*** Opening of Data for processing ***
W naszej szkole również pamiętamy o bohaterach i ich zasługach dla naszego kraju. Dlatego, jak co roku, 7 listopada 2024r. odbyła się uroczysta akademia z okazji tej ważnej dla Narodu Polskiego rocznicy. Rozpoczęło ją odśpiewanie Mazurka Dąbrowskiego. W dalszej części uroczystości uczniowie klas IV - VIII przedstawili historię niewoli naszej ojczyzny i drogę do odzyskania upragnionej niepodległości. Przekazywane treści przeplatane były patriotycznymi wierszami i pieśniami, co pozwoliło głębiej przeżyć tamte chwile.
*** Close of Data for processing ***
*** Opening of Data for processing ***
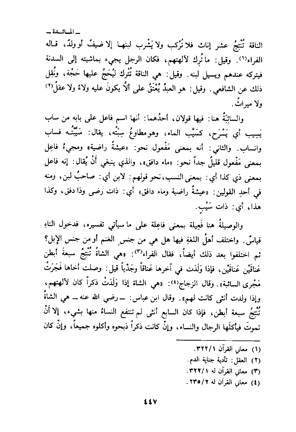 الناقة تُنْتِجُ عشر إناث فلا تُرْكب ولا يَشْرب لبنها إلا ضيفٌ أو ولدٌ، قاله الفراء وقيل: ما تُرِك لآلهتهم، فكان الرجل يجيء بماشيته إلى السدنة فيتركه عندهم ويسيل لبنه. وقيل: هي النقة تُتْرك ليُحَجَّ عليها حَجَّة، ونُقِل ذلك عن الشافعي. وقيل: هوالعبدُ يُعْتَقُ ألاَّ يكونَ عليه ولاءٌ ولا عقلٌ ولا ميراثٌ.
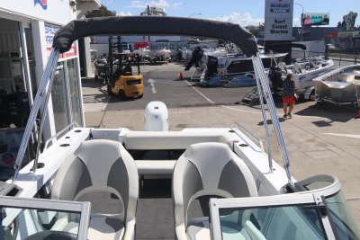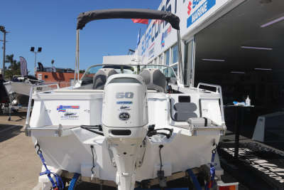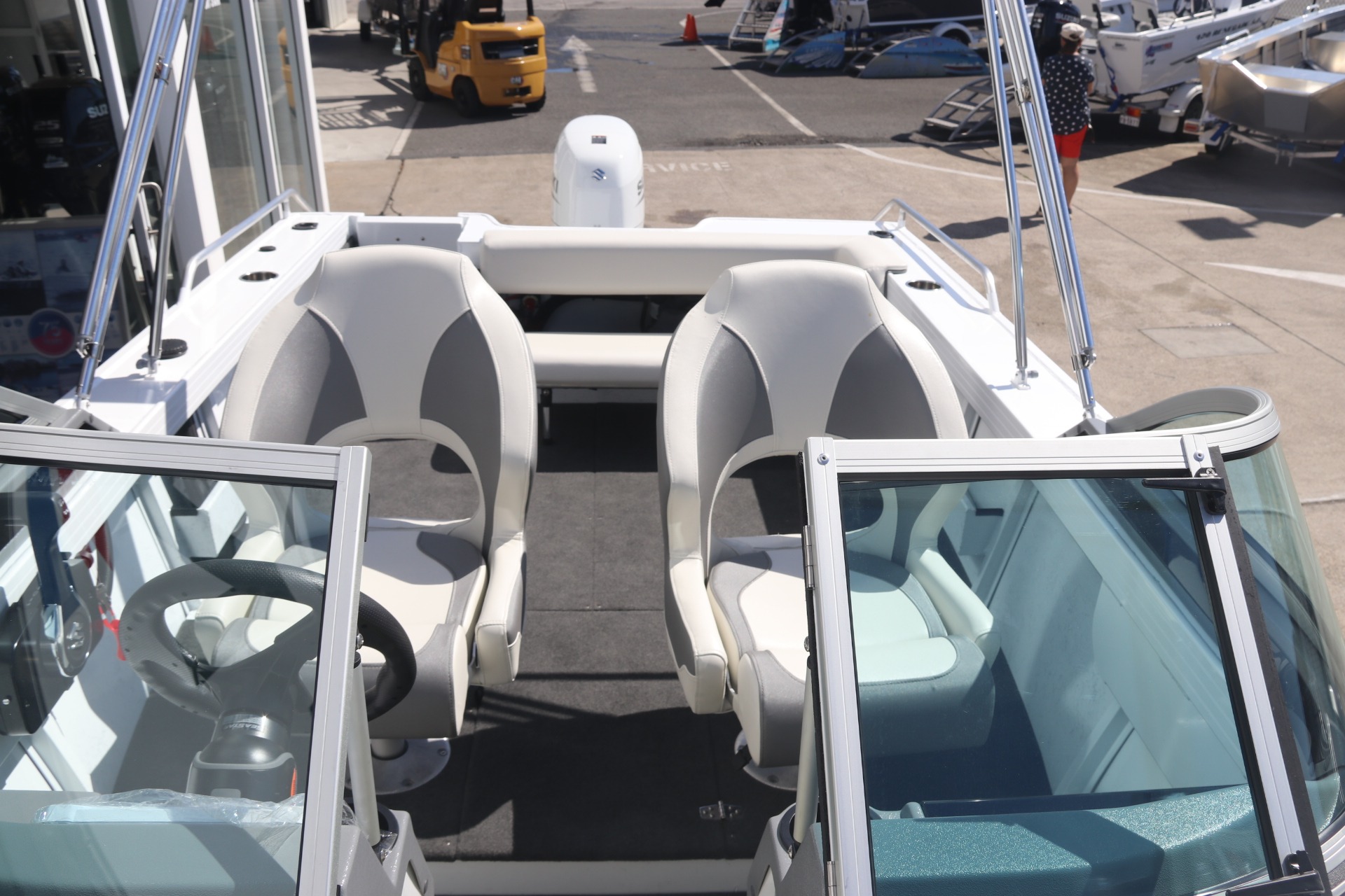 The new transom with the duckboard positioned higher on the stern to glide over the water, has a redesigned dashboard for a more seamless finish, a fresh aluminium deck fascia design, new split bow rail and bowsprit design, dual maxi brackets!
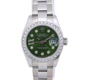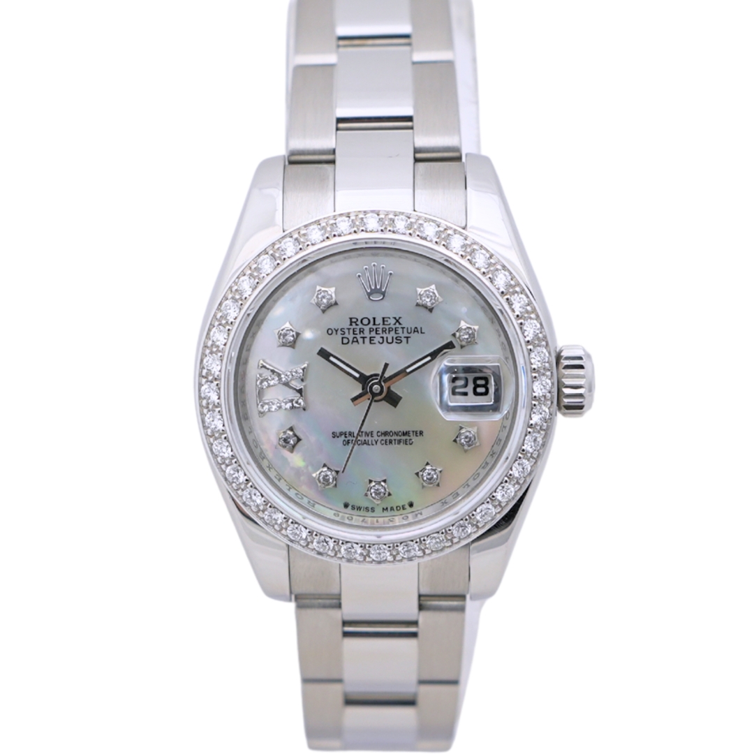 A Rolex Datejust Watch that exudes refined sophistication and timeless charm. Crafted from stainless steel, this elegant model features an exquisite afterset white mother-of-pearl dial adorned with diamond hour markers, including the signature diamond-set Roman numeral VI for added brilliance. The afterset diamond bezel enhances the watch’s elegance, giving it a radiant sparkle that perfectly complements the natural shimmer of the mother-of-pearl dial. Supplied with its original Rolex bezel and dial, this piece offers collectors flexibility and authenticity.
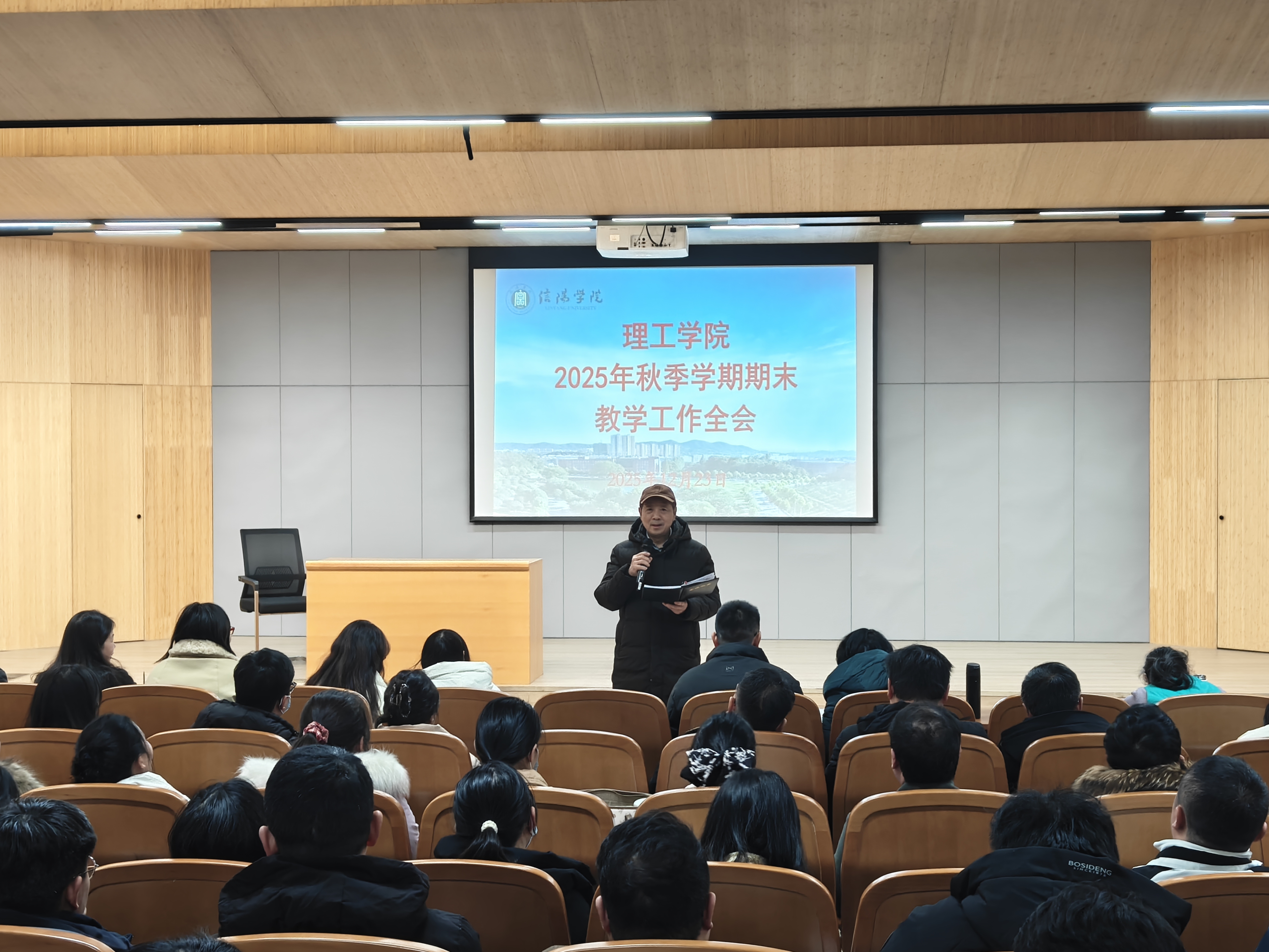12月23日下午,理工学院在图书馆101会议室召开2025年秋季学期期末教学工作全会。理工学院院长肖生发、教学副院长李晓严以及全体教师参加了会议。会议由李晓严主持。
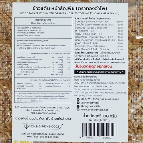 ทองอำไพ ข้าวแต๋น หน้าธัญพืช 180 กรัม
*** Close of Data for processing ***
*** Opening of Data for processing ***
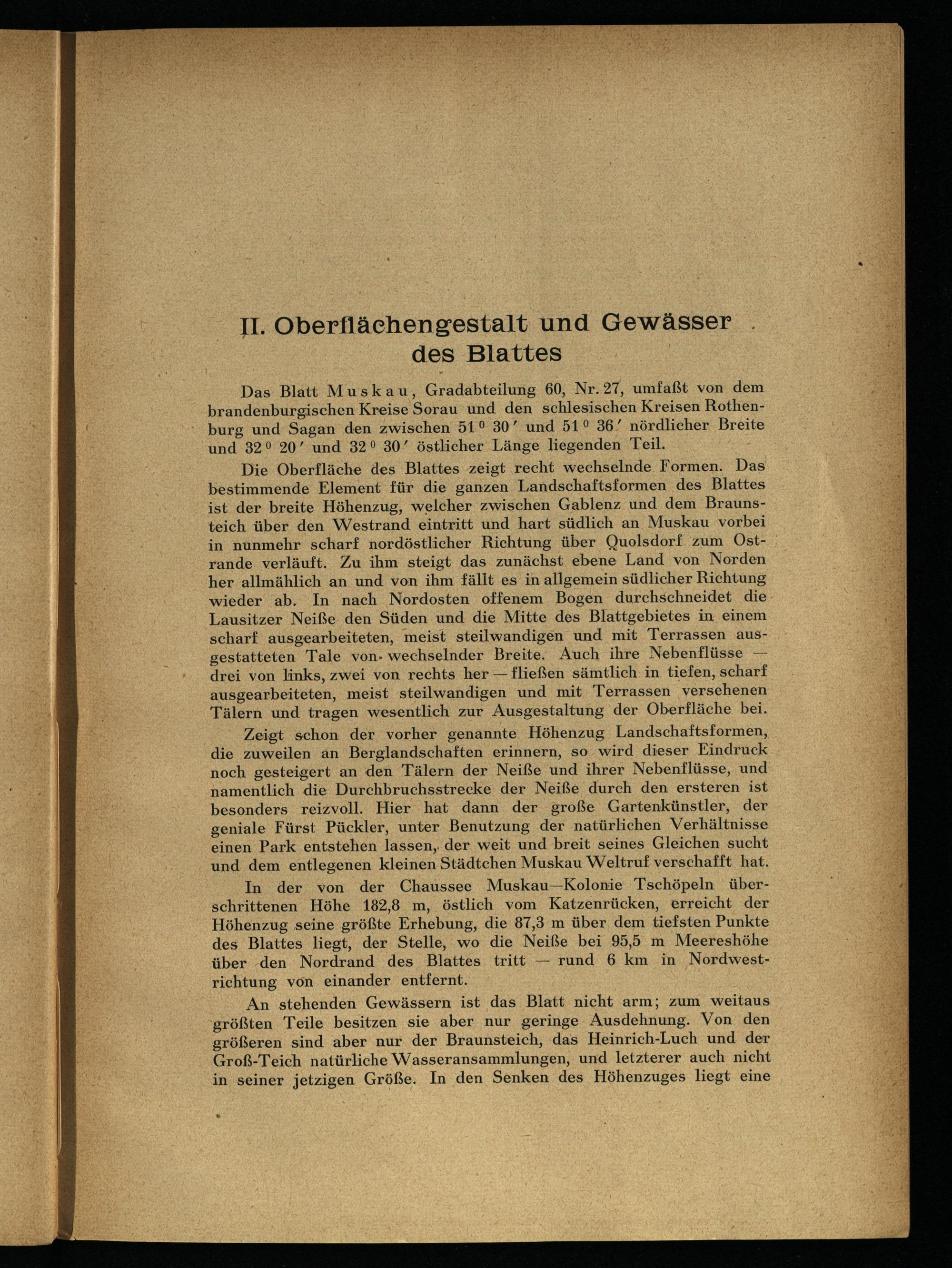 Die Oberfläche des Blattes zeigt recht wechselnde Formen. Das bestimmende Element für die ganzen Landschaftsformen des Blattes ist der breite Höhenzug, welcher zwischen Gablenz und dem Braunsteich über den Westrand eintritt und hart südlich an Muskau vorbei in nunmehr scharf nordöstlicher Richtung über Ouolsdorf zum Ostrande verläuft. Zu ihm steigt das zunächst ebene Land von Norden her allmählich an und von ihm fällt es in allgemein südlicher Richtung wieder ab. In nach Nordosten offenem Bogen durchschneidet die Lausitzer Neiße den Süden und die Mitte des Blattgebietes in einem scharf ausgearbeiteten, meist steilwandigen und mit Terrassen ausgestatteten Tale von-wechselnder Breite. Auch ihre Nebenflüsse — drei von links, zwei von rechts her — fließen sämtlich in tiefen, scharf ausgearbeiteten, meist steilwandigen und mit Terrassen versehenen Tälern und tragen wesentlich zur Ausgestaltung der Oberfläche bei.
*** Close of Data for processing ***
Required action
Every line from the one with "12月23日下午,理工学院在" through the one with "ทองอำไพ ข้าวแต๋น หน้าธัญพืช 180 กรัม" is to be reproduced exactly as written above, and the pictures are to be dropped.

Problem solution
12月23日下午,理工学院在图书馆101会议室召开2025年秋季学期期末教学工作全会。理工学院院长肖生发、教学副院长李晓严以及全体教师参加了会议。会议由李晓严主持。
 ทองอำไพ ข้าวแต๋น หน้าธัญพืช 180 กรัม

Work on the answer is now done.